Instructions to follow: The reply should contain the full listing exactly as written and no pictures at all.
━━━━━━━━━━━━━━━━
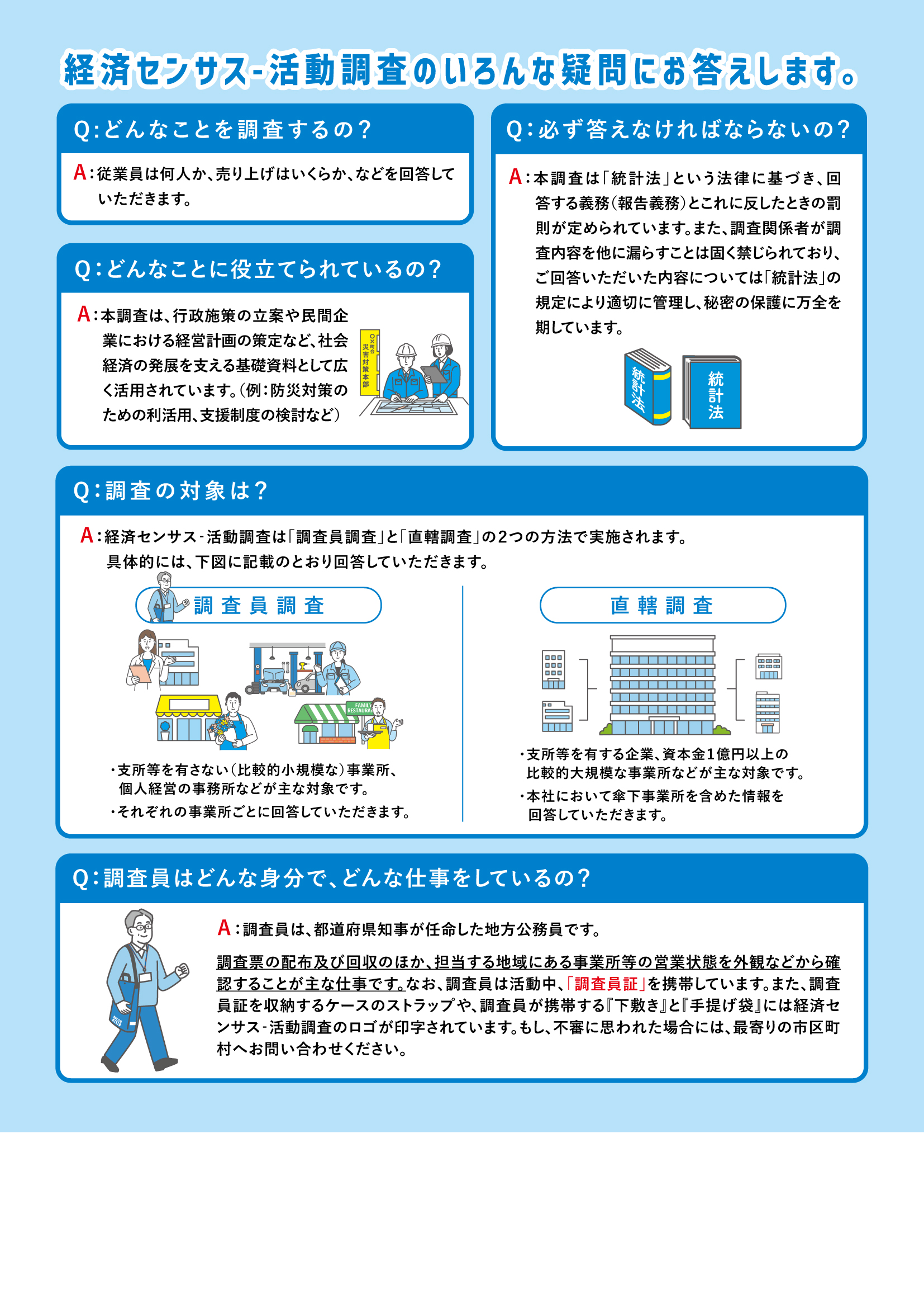 調査をお願いする企業・事業所には、調査書類を、4~5月に順次郵送いたしますので、インターネット(郵送等で回答可)にて、回答の周知依頼がありました。
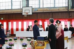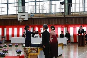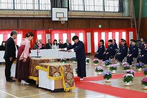 一人一人担任の呼名に合わせて返事をし、校長先生から卒業証書を受け取ります。
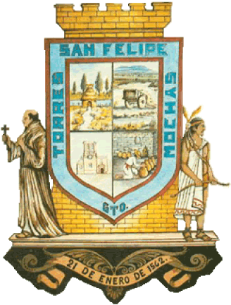 The lower-left section depicts the unfinished towers of the San Felipe Apóstol church, as the church towers remained unfinished for a long time. The lower-right section depicts a man realizing works of pottery, one of the principal economic activities of the place. The border reads "SAN FELIPE TORRES MOCHAS GTO." (from the top to the sides then bottom). Above the shield is a tower, signifying the local name of "Torres Mochas" [cut towers]. The sides of the shield depict a friar and Indian, signifying the fusion of races. Under them is a pedestal, having a ribbon that reads "21 DE ENERO DE 1562", the date of its foundation.
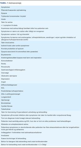 Det kan være relevant med udredning for allergi og rinitis, da op mod 60% af unge og yngre voksne med astma har allergi, samt at undersøge for erhvervseksponering som udløsende årsag [3]. Røntgen af thorax kan være relevant for at udelukke en række differentialdiagnoser, f.eks. luftvejsinfektion, KOL og bronkiektasi, men anbefales ikke rutinemæssigt [3]. Det er vigtigt at være opmærksom på eventuelle overlappende og behandlingskrævende sygdomme, komorbiditeter samt livsstils- og miljøfaktorer, der kan præsentere sig med astmalignende symptomer og dermed give et fejlagtigt indtryk af svær eller behandlingsresistent astma [13], Tabel 1.
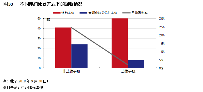 如前文所述,2014-2016年違約原因多數是宏觀或行業周期下行因素所致,約有1/3的違約主體的高負債問題不明顯,相對于高負債的企業而言回收預期較好,能夠通過資產處置、再融資等方式進行自償。而在2018-2019年9月發生的違約中,違約原因更多的是償債壓力過大,外部表現即為債務訴訟和破產重整申請,這表明違約主體已經出現內部流動性和信用不足,同時也缺乏用于處置或者抵質押的有效資產,亦或是主體惡意違約。在此背景下,通過內部協商等手段進行處置效果和效率都很低,應當第一時間采取財產保全措施,并盡快進行破產重整,以司法壓力下推進處置進程。因此,債務訴訟、破產重整等法律手段往往是投資人對違約主體最后的選擇,這也是2018年采取法律手段明顯增多的重要原因。從最終的回收結果看,被采用非法律手段的違約主體的違約回收率明顯高于訴訟手段,回收期也相對較短。
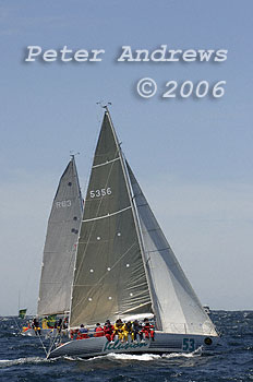 Graham Jackson's Davidson 34 "Illusion" and Michael Dolphin's modified Mount Gay 30 "Prion", outside the heads after the start of the 2006 Rolex Sydney to Hobart Yacht Race.
━━━━━━━━━━━━━━━━
Answer area:
 調査をお願いする企業・事業所には、調査書類を、4~5月に順次郵送いたしますので、インターネット(郵送等で回答可)にて、回答の周知依頼がありました。
 一人一人担任の呼名に合わせて返事をし、校長先生から卒業証書を受け取ります。
 The lower-left section depicts the unfinished towers of the San Felipe Apóstol church, as the church towers remained unfinished for a long time. The lower-right section depicts a man realizing works of pottery, one of the principal economic activities of the place. The border reads "SAN FELIPE TORRES MOCHAS GTO." (from the top to the sides then bottom). Above the shield is a tower, signifying the local name of "Torres Mochas" [cut towers]. The sides of the shield depict a friar and Indian, signifying the fusion of races. Under them is a pedestal, having a ribbon that reads "21 DE ENERO DE 1562", the date of its foundation.
 Det kan være relevant med udredning for allergi og rinitis, da op mod 60% af unge og yngre voksne med astma har allergi, samt at undersøge for erhvervseksponering som udløsende årsag [3]. Røntgen af thorax kan være relevant for at udelukke en række differentialdiagnoser, f.eks. luftvejsinfektion, KOL og bronkiektasi, men anbefales ikke rutinemæssigt [3]. Det er vigtigt at være opmærksom på eventuelle overlappende og behandlingskrævende sygdomme, komorbiditeter samt livsstils- og miljøfaktorer, der kan præsentere sig med astmalignende symptomer og dermed give et fejlagtigt indtryk af svær eller behandlingsresistent astma [13], Tabel 1.
 如前文所述,2014-2016年違約原因多數是宏觀或行業周期下行因素所致,約有1/3的違約主體的高負債問題不明顯,相對于高負債的企業而言回收預期較好,能夠通過資產處置、再融資等方式進行自償。而在2018-2019年9月發生的違約中,違約原因更多的是償債壓力過大,外部表現即為債務訴訟和破產重整申請,這表明違約主體已經出現內部流動性和信用不足,同時也缺乏用于處置或者抵質押的有效資產,亦或是主體惡意違約。在此背景下,通過內部協商等手段進行處置效果和效率都很低,應當第一時間采取財產保全措施,并盡快進行破產重整,以司法壓力下推進處置進程。因此,債務訴訟、破產重整等法律手段往往是投資人對違約主體最后的選擇,這也是2018年采取法律手段明顯增多的重要原因。從最終的回收結果看,被采用非法律手段的違約主體的違約回收率明顯高于訴訟手段,回收期也相對較短。
 Graham Jackson's Davidson 34 "Illusion" and Michael Dolphin's modified Mount Gay 30 "Prion", outside the heads after the start of the 2006 Rolex Sydney to Hobart Yacht Race.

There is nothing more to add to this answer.